▸ **INFORMATION**:

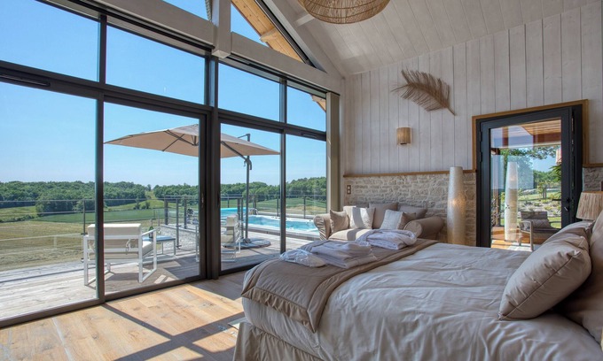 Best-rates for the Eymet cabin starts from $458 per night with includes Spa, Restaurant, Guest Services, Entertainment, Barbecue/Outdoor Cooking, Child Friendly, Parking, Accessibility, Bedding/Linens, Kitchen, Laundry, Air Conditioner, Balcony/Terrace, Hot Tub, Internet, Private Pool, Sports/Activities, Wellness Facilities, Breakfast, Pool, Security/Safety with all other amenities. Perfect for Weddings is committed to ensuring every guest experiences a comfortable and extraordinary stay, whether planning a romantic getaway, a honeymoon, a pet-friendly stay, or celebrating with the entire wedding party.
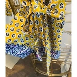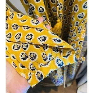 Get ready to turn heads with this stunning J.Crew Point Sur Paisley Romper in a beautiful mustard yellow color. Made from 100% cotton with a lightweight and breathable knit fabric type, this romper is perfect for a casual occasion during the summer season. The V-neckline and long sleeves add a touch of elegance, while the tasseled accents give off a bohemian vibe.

---

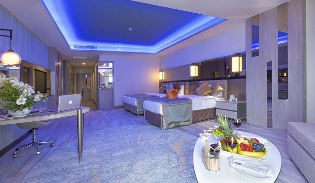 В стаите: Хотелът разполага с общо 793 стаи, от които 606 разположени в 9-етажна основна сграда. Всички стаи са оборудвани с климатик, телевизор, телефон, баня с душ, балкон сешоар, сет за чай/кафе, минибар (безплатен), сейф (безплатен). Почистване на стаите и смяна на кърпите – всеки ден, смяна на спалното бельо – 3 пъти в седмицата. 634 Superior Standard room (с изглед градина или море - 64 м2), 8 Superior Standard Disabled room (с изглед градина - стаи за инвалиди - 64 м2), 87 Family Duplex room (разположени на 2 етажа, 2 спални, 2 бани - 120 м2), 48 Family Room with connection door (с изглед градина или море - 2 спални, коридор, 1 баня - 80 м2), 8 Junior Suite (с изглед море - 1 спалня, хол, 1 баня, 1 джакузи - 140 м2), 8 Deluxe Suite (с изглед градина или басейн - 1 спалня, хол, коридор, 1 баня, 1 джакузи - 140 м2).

▸ **DIRECTIONS**: What you return from the records above should be exactly everything from the line with "Best-rates for the" down to the line with "Get ready to", both kept, and no pictures.

▸ **EXERCISE RESULT**:
 Best-rates for the Eymet cabin starts from $458 per night with includes Spa, Restaurant, Guest Services, Entertainment, Barbecue/Outdoor Cooking, Child Friendly, Parking, Accessibility, Bedding/Linens, Kitchen, Laundry, Air Conditioner, Balcony/Terrace, Hot Tub, Internet, Private Pool, Sports/Activities, Wellness Facilities, Breakfast, Pool, Security/Safety with all other amenities. Perfect for Weddings is committed to ensuring every guest experiences a comfortable and extraordinary stay, whether planning a romantic getaway, a honeymoon, a pet-friendly stay, or celebrating with the entire wedding party.
 Get ready to turn heads with this stunning J.Crew Point Sur Paisley Romper in a beautiful mustard yellow color. Made from 100% cotton with a lightweight and breathable knit fabric type, this romper is perfect for a casual occasion during the summer season. The V-neckline and long sleeves add a touch of elegance, while the tasseled accents give off a bohemian vibe.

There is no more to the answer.